Purpose: To investigate the effects of anethole on human skin cancer cells.

Methods: Cell viability was determined using CCK-8 and colony formation assay, while AO/EB and Annexin V/PI assays were used to assess apoptosis. The mRNA expressions of genes were assayed by quantitative reverse transcription-polymerase chain reaction (qRT-PCR).

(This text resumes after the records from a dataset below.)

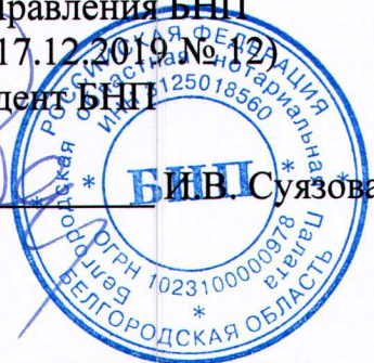
График приема граждан нотариусами Шебекинского нотариального округа Белгородской области в Беянской, Белоколодезянской, Купинской, Первоцепляевской территориальных администрациях Шебекинского городского округа Белгородской области на 1-е полугодие 2020 года Место приема: административные здания территориальных административных учреждений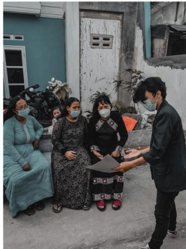
Gambar 2.4 Dokumentasi tentang Covid-19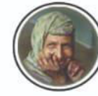
Leprosy Cured कुष्ठ रोग मुक्त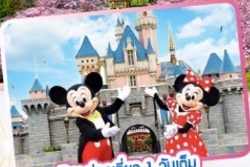
อิสระท่องเที่ยว 1 วันเต็ม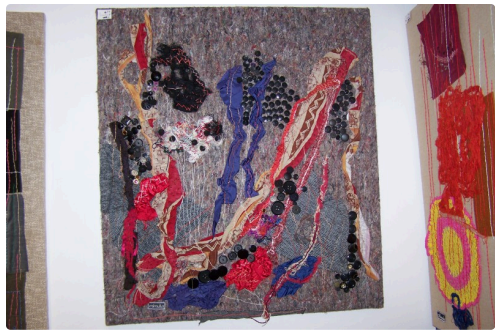
expo mimulus à la galerie nou'Arts 002.JPG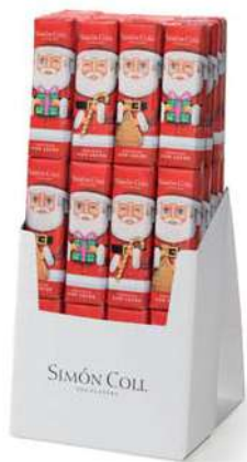
Chocolatira Papá Noel 3x18g. D/24 Referencia: 8860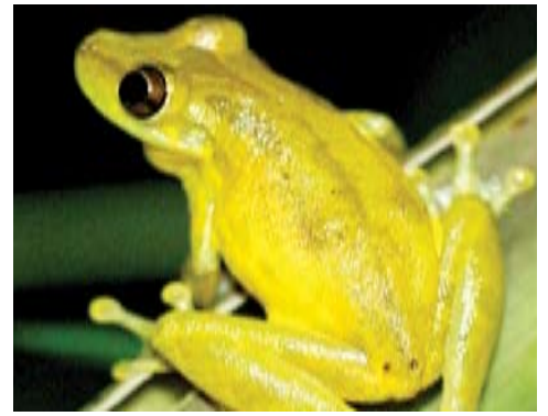
Scinax elaeochrous . Esta rana habita cacaotales con manejo. Suele verse sobre las hojas y los árboles. Se reproduce en estanques temporales de agua.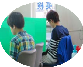
附属中1、2生 試験は3日から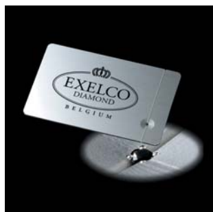
<ブラックダイヤモンドプレート>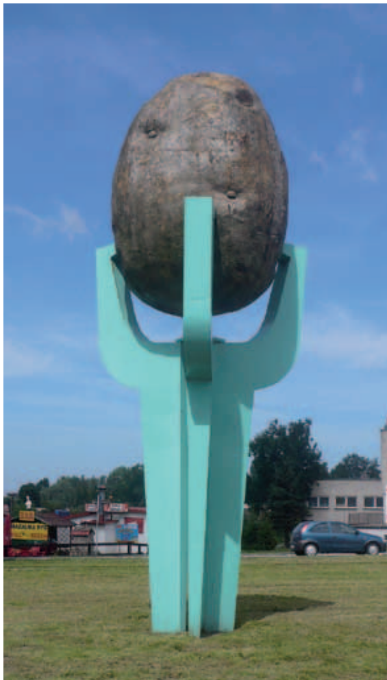
Pomnik Ziemniaka w Besiekierzu

Milowym krokiem ziemniaka podróży do Euro-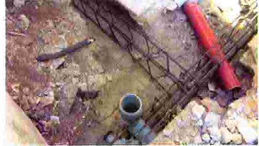
مزل عماد غيث- حوش مزعرو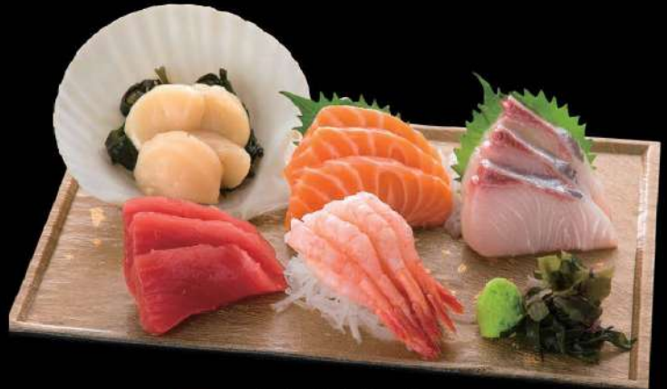
216 五点刺身盛 $158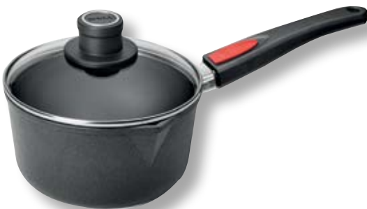
Titan Best Casseruola con Coperchio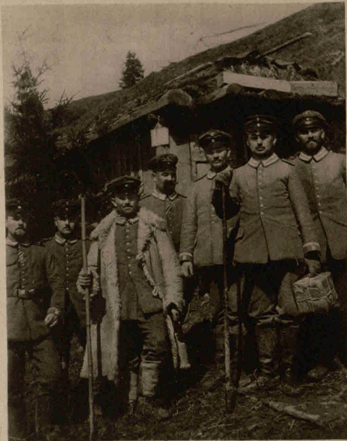
Vor einem festen Unterstand in den Karpathen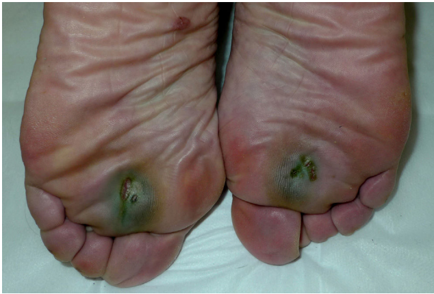
Figura 1. Úlceras plantares de localización bilateral y simétrica de coloración verdosa.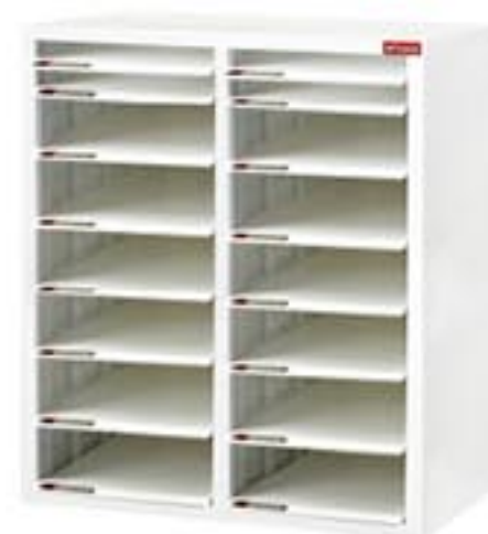
SA4M2-14x2 (109-09) 545W x 343D x 740H mm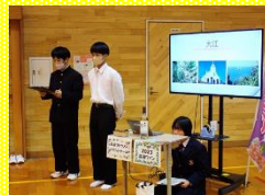
2年 高浜ぶどう&福連木の子守唄 「天草町の伝統文化を受け継ぐ」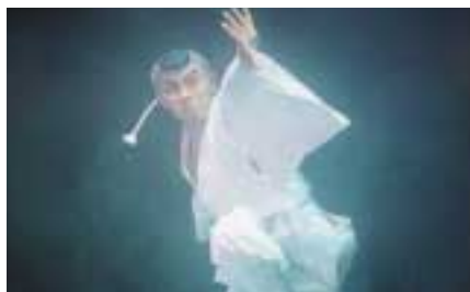
「春秋山伏記」大鷲坊役

舞台は生もの。毎回お客様の反応も違うし、自分の心に沸き立つものも違う。舞台にいる時の自分が一番好きだし、全身全霊かけられる仕事に出会えて幸せだと思う。自分自身の気持ちが高ぶるほど、舞台に血が騒ぐ。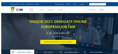
Más información sobre este evento A feira desenvolverase ao longo deste xoves e venres

A aposta da Universidade de Vigo pola ciencia en aberto plásmase no Plan Estratéxico 2021-2026 e concrétase nunha Política institucional de acceso aberto á produción científica . Pero para visibilizar este posicionamento, a institución tamén se une á celebración da Semana Internacional do Acceso Aberto, que se está a celebrar do 25 ao 31 deste mes, baixo o lema Importa como abrimos o coñecemento: construíndo equidade estrutural . +info .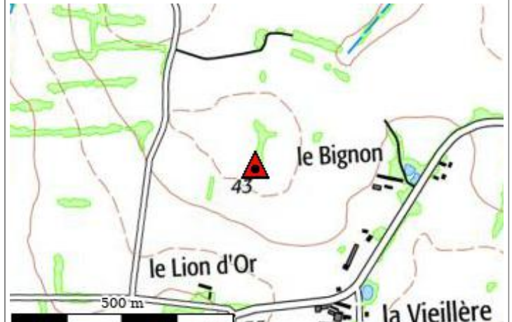
Carte : 1322 ANCENIS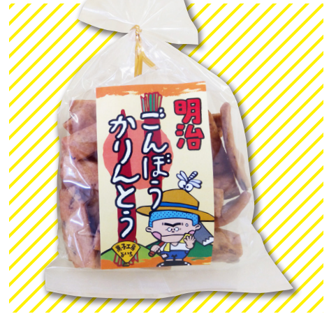
明治ごんぼうかりんとう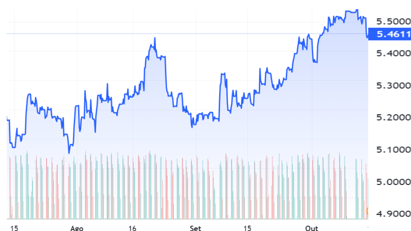
Dólar PTAX, fonte BACEN

Na média do trimestre, o preço do VLSFO subiu de R$2695 por tonelada para R$2889, representando aumento de 7,2% na despesa de combustível.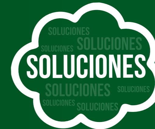
Demanda de Soluciones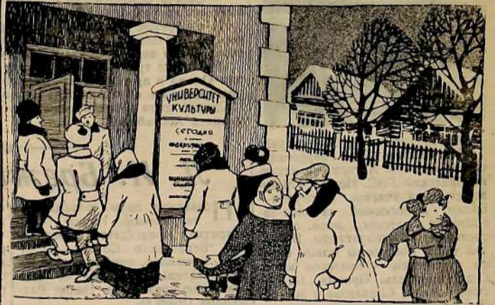
Студенты народного университета.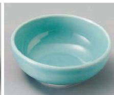
ネ103-209 青磁3.3ボール φ10.7×4.2cm (磁) JPN 1,000円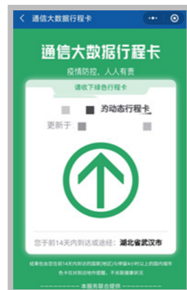
国务院客户端的防疫行程卡

将相关资料以 zip 格式压缩打包,邮件统一命名为“用人单位名称—某月某日宣讲会/双选会”,发送至邮箱 gcxyzj@163.com ,由就业指导中心向保卫处报备进校人员信息。企业人员关注湖工大保卫处 HBUT 公众号,注册个人信息之后,在授权时间内扫描校园码,测量体温进入校园。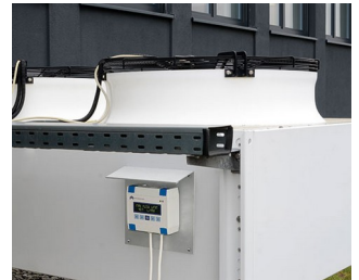
Heating/air conditioning/ventilation control

Results: The growth of skin cancer cells was significantly reduced by anethole (p < 0.05). On the other hand, normal human skin cells were marginally affected by anethole. Furthermore, anethole significantly suppressed the colony formation potential of CRL-6475 skin cancer cells in a concentration-dependent manner (p < 0.05). Results from AO/EB and annexin V/PI staining assays revealed that anethole induced apoptosis in skin cancer cells, while qRT-PCR results indicate that anethole significantly up-regulated microRNA-498 in skin cancer cells (p < 0.05). However, anethole had no effect on the expression levels of miR-7, miR-9, miR-145, miR-31, miR-27, miR-498 miR-1298, miR-1299, 1179, miR-375, miR-508 and miR-23. CCK-8 assay results confirmed that miR-498 up-regulation significantly mimicked the anti-proliferative effects of anethole. Bioinformatics analysis and luciferase reporter assay led to identification of STAT4 as the regulatory target of miR-498. Furthermore, silencing of STAT4 significantly mimicked the effects of anethole administration (p < 0.05).

Conclusion: These results indicate that anethole inhibits skin cancer cell growth by targeting the miR-498/STAT4 axis, and therefore, has potentials for use in the management of skin cancer.